▸ What you will do:
Your copy should begin with the line containing "Barbie Uhura is", end with the line containing "白い小花が全体に広がる上品な", match the listing below exactly, and contain no pictures.

▸ Data shown:
[Start of Attachment]

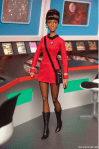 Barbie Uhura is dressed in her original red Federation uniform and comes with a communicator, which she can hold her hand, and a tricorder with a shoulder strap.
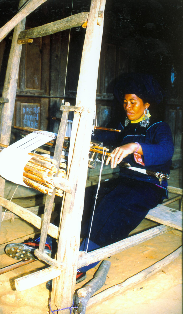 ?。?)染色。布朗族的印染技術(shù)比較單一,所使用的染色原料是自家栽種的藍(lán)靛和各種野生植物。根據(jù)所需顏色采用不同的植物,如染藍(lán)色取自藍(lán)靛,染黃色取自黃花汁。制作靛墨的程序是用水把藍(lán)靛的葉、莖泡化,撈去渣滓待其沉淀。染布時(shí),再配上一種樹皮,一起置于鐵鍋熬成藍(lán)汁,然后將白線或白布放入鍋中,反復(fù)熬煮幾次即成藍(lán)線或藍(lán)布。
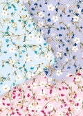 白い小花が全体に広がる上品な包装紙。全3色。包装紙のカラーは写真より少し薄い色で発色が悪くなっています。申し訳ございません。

[End of Attachment]
[Start of Attachment]

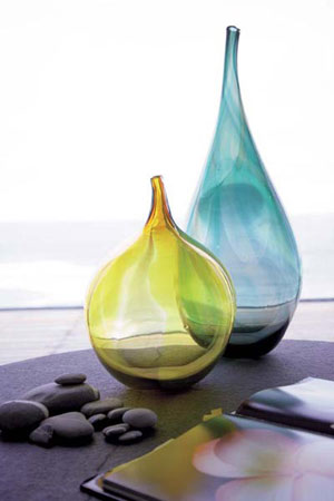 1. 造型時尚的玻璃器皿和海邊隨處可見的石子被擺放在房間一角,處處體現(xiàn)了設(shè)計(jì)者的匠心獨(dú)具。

[End of Attachment]

▸ Task output:
 Barbie Uhura is dressed in her original red Federation uniform and comes with a communicator, which she can hold her hand, and a tricorder with a shoulder strap.
 ?。?)染色。布朗族的印染技術(shù)比較單一,所使用的染色原料是自家栽種的藍(lán)靛和各種野生植物。根據(jù)所需顏色采用不同的植物,如染藍(lán)色取自藍(lán)靛,染黃色取自黃花汁。制作靛墨的程序是用水把藍(lán)靛的葉、莖泡化,撈去渣滓待其沉淀。染布時(shí),再配上一種樹皮,一起置于鐵鍋熬成藍(lán)汁,然后將白線或白布放入鍋中,反復(fù)熬煮幾次即成藍(lán)線或藍(lán)布。
 白い小花が全体に広がる上品な包装紙。全3色。包装紙のカラーは写真より少し薄い色で発色が悪くなっています。申し訳ございません。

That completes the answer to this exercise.